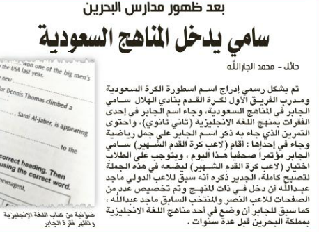 صحيفة الرياضية : سامى يدخل المناهج التعليمية بالمملكة
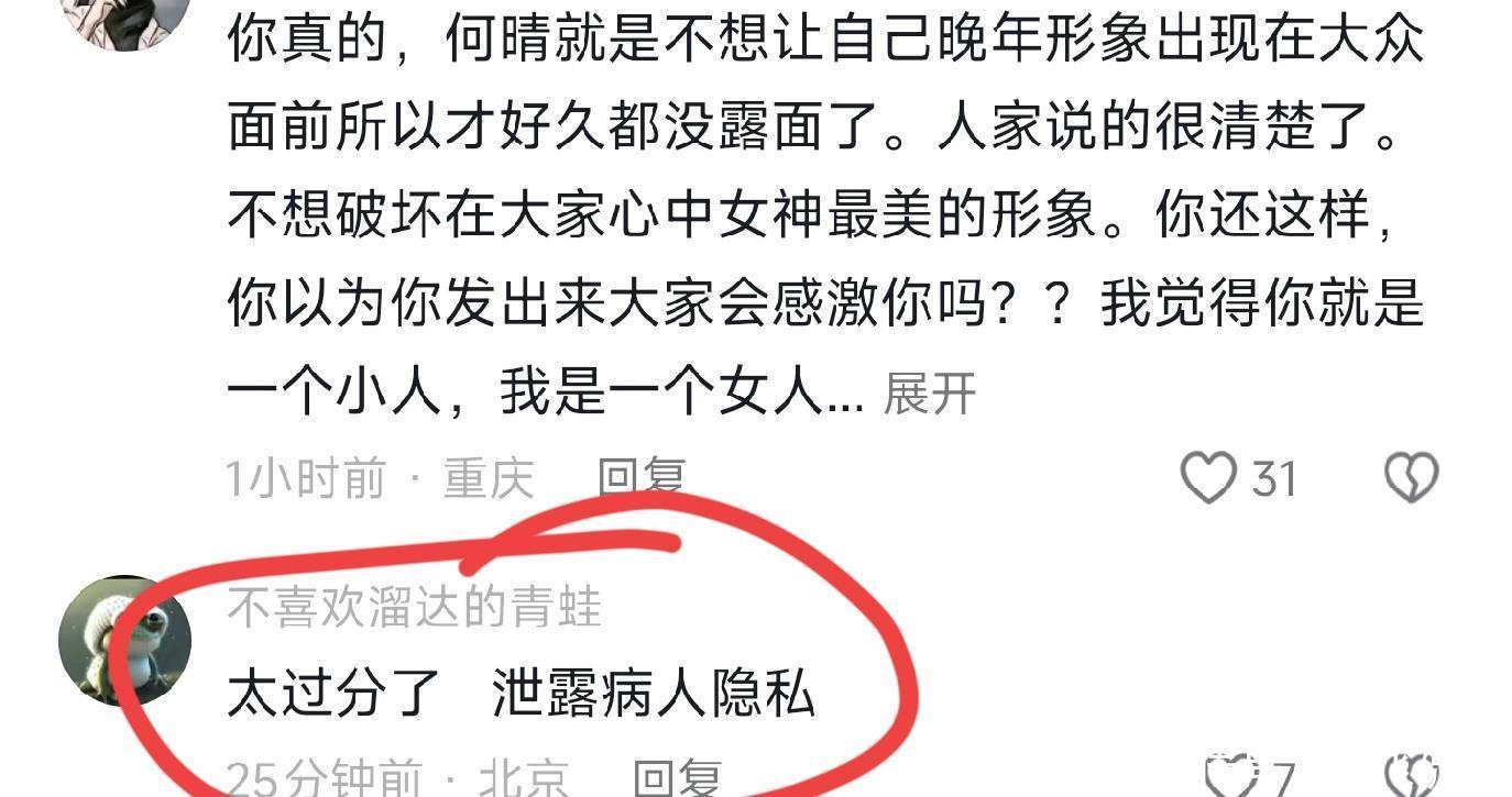 其实王明强的这个做法确实欠妥,也许是他出于怀念,出于心疼,但是也不能把何晴最不想让大家看到的她,在公共平台发出来,一生落落大方,即使已经走了,但是让她把最后的美丽留给大家!
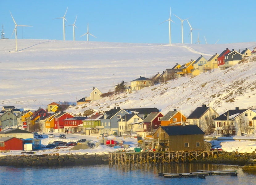 Beautifully colored houses set off the stark white polar landscape in Honningsvåg, along with eco-friendly windmills.
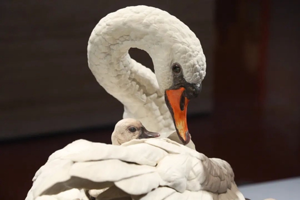 这件瓷塑天鹅是中美关系“破冰”的重要见证。1972年2月,美国总统尼克松访华,两国在上海发表《中美联合公报》,标志着中美关系正常化进程的开始。在人民大会堂,中美双方互赠礼品,尼克松总统亲自介绍这件赠送毛泽东同志的瓷塑天鹅。他说天鹅象征着对于和平、友善的祈盼,希望它给美中两国关系发展带来好征兆。这件礼品是美国著名生物学家和硬制瓷烧制大师波姆晚年的杰作,塑形、雕刻、色彩、意蕴完美结合,既是珍贵的历史见证,又是难得的艺术佳作。

# Task objective
The listing above must be repeated exactly, apart from the pictures.

# Task result
 صحيفة الرياضية : سامى يدخل المناهج التعليمية بالمملكة
 其实王明强的这个做法确实欠妥,也许是他出于怀念,出于心疼,但是也不能把何晴最不想让大家看到的她,在公共平台发出来,一生落落大方,即使已经走了,但是让她把最后的美丽留给大家!
 Beautifully colored houses set off the stark white polar landscape in Honningsvåg, along with eco-friendly windmills.
 这件瓷塑天鹅是中美关系“破冰”的重要见证。1972年2月,美国总统尼克松访华,两国在上海发表《中美联合公报》,标志着中美关系正常化进程的开始。在人民大会堂,中美双方互赠礼品,尼克松总统亲自介绍这件赠送毛泽东同志的瓷塑天鹅。他说天鹅象征着对于和平、友善的祈盼,希望它给美中两国关系发展带来好征兆。这件礼品是美国著名生物学家和硬制瓷烧制大师波姆晚年的杰作,塑形、雕刻、色彩、意蕴完美结合,既是珍贵的历史见证,又是难得的艺术佳作。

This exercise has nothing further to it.